Brent crude spiked to roughly $119/bbl (last $109.06, up 0.3%) after strikes on Iranian energy sites, driving energy-led inflation concerns and contributing to major central banks holding rates. U.S. futures were mixed (Dow futures +48 pts/+0.1; S&P500 +3 pts/+0.1; Nasdaq100 -14 pts/-0.1) as markets turned risk-off and gold rebounded but remained set for deep weekly losses amid weaker rate-cut expectations. FedEx raised its full-year profit outlook after a stronger-than-expected fiscal Q3 and jumped >9% premarket, while the Pentagon requested $200bn in war funding — underscoring elevated market and supply-chain risks.

Analysis

An energy-driven shock to shipping chokepoints can propagate into monetary policy via a multi-stage channel: immediate input-cost shock -> margin compression and insurance premium repricing across transportation -> central banks delaying easing as core and goods inflation re-accelerate. That sequencing raises real rates and compresses duration assets, so the market is effectively pricing higher-for-longer even if nominal growth softens over the medium term.

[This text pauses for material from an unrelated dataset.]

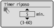 Per impostare il timer di riposo automaticoÈ possibile impostare un tempo di avvio del riposo automatico compreso tra <3> e <60> minuti, in intervalli di un minuto. Il valore predefinito per questa impostazione è <5> minuti.
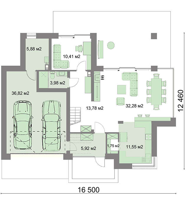 Жилое пространство поделено на ночную и дневную зоны. Простор гараж рассчитан на две единицы авто, прилегающее помещение рекомендуется использовать для хранения инструмента. Предусмотрена отдельная площадь для комнаты отдыха или бизнес-кабинета, где чувствуя поддержку семьи, хозяин сможет заключать важные договоры и вести деловые беседы.

Winners are entities with immediate cash-flow capture from higher hydrocarbon prices and firms that can re-price services quickly (large integrated energy names, vertically integrated LNG traders, insurers writing war/terrorism premiums). Losers include spot-exposed carriers, small freight forwarders, and non-hedged airlines/short-cycle manufacturers; second-order effects include delayed inventories, longer lead times for industrial capex, and widening credit spreads in commodity-importing EMs. Key tail risks: a rapid reopening of maritime corridors or coordinated SPR releases could reverse commodity spikes within weeks, while escalation to infrastructure-targeted strikes or insurance market paralysis would keep premiums and freight rates elevated for quarters. Time horizons matter—price shocks show up in CPI within 1-3 months, while capex and supply re-routing take 6-18 months to normalize. The consensus treats the shock as a near-term dislocation; that underweights option-like outcomes where shipping insurance repricing creates persistent structural uplift to freight economics (benefiting a small number of asset-light logistics platforms) and where central banks pivot only after visible second-round effects on wage contracts. This asymmetry favors small, tactical option positions across energy and logistics rather than large directional duration bets.